In the years following the war, more than a few American women found themselves speaking out in print in the nation’s growing number of newspapers and magazines.
During colonial times the women who helped shape the new profession of journalism were usually part of its production team — its typesetters, printers and publishers; like all printers of the time, they wrote stories too, when necessary.
But after the revolution, some women started to create a new role for themselves. Rather than publishers of a product, they became the actual writers of it. These new influential females in journalism were just beginning to discover their own voices. And the thoughts, opinions and ideas that they expressed in print were uniquely their own.
Popular Judith Sargent Murray’s Voice was Primarily an Intellectual One
Judith Sargent Murray was perhaps not the most typical of the new American woman. She was, after all, born into a well-to-do shipping family, lived in an impressive home (which exists today as, The Sargent House Museum), and enjoyed, at least on the surface, a “priviledged” life. But, it is said, she possessed a strong inclination to identify closely with wives and mothers everywhere, and an ability to think and write with great insight.
Judith Murray was married at 18, widowed young, and remarried when she was 37. Neither of her two husbands was financially secure and she began to help augment the family income in 1784, a year after the American Revolution, when the brand new Gentleman and Lady’s Town and Country Magazine asked for submissions from women writers.
The piece she wrote in 1784 is today described as a feminist one. “Desultory Thoughts Upon the Utility of Encouraging a Degree of Self Complacency, Especially in Female Bosoms,” suggested that females, as much as males should be encouraged to be self-sufficient and independent.
Murray would go on to write in different genres — poetry plays and essays — and on many subjects including philosopohy, politics, and ethics. She would write in magazines and publish a book of her essays and her husband, John Murray’s biography.
According to biographical information at the National Women’s HIstory Museum website her writing was well-received by her readers, even when controversial. Her strong desire for “women’s progress” that she expressed in her first published piece was a theme she would return to throughout her years. That women should achieve independence was indeed a radical idea at that time, but Murray would never shy away from her strong belief that girls should receive better educations, and other aspects of that philosophy which inc luded:
- Her strong belief, refuting the opinion of her time, that men and women were intellectual equals
- An assertion that females merely appeared to be inferior due to a lack of education
- A claim that housework and kitchen duties would never provide enough intellectual stimulation for women
- Her belief that girls possessed both a strong wish and a need to be educated
- And further, that girls should be encouraged to be useful and achieve independence
On the other side of the desk, so to speak, sat an editor — a younger woman — whose ideas were in some ways at odds with those of Murray.

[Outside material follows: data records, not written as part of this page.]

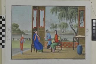 DescriptionChinese export painting; image depicts four women in a courtyard or patio with trees and water in the background. One woman plays a horn, one a long necked stringed instrument and another beats on a small drum with a younger woman holds a dish.Status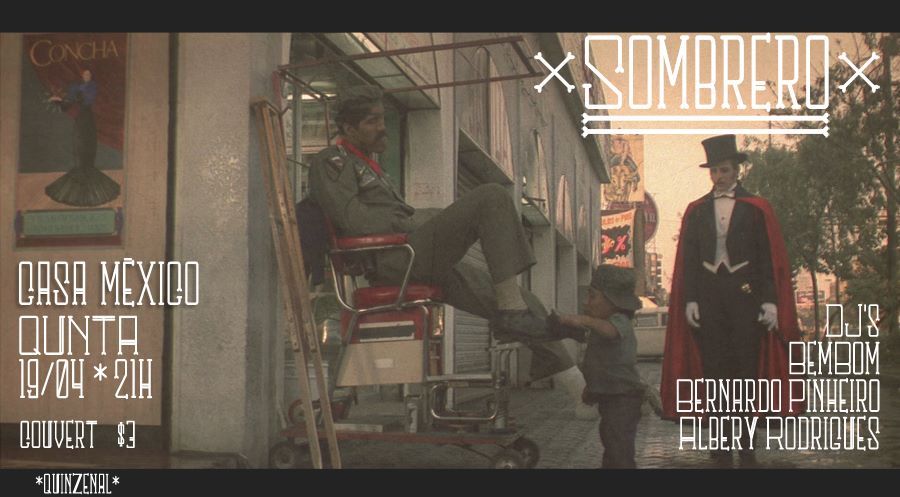 SOMBRERO foi idealizado pelos DJs Bernardo Pinheiro, Mari Jares e Geraldo Nogueira (BemBom), que a cada edição vão convidar um DJ pra animar a noite junto com eles. Sem compromisso nenhum, a Casa México vai estar aberta pra todo mundo entrar, ficar a vontade, tomar um drink, comer um taco e ouvir uma coisa boa.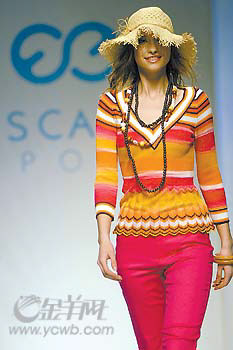 色彩繽紛的Kookai一向善玩多彩條紋,每季都會(huì)變幻不同花樣。今季可見更多橫紋與斜紋、縱紋的交錯(cuò),深V的領(lǐng)口設(shè)計(jì)彰顯女人味?v條紋與單色相拼接的小背心、蓬蓬裙,看上去休閑又俏皮,針織條紋背心則被用來(lái)與格仔襯衫搭配,帶出一股中性美。與之類似是ESCADASPORT,雖然用經(jīng)典黑白配來(lái)演繹水手條紋,卻將不同紋理分割羅列于同一件衣服上,甚至不惜在前襟開滿百合花的T恤背面玩起縱橫交錯(cuò)的游戲,陰柔和硬朗完美交接,顯得自由奔放。

Sarah Josepha Hale’s Long and Successful Editing Career
Like Murray, Sarah Josepha Hale, turned to journalism for financial support, and also like Murray she strongly supported the cause for better education for females. But then Mrs. Hale drew a line: she was a supporter of existing social standards and she insisted that women “abstain” from the masculine realm. Politics, govenment and business would “corrupt women’s moral sensibility.”
Although she would grow more supportive of women’s progress over her long career, Sarah Hale would always believe — as many people of her era did — that women were “more pious and pure than men” and that their primary place was in the home.
Hale’s own exit from the home and into the business world was a case of absolutely necessity: when her huband, David Hale, died in 1822 she was left alone with five children to raise and support. Her career began with the publication of a book of poetry, and then a novel. When she was invited to be the editor of a new magazine for women in Boston in 1827 she moved her family there from New Hampshire. In 1836 they moved again — to Philadelphia, where she became the editor for the Godey’s Lady Book. It is said that she made Godey’s the “leading American women’s literary and fashion periodical for the following four decades.”
It is estimated that Hale wrote about half of the magazine herself. She continued to publish many novels and she involved herself in much advocacy and charity work. She continues to influence American life today in two particular ways that surely most people do not realize. For one, she composed the extremely popular nursery rhyme Mary had a Little Lamb. She also lobbied for years to establish a national day of thanks.
Hale and her family had always celebrated a Thanksgiving Day. They were New England residents and the feast had been observed there since the 17th century. She wanted the entire country to observe it. She wrote editorials and lobbied several U. S. Presidents to nationalize the observance of Thanksgiving, and her efforts finally paid off when, in 1863, President Lincoln issued a proclamation creating the national holiday.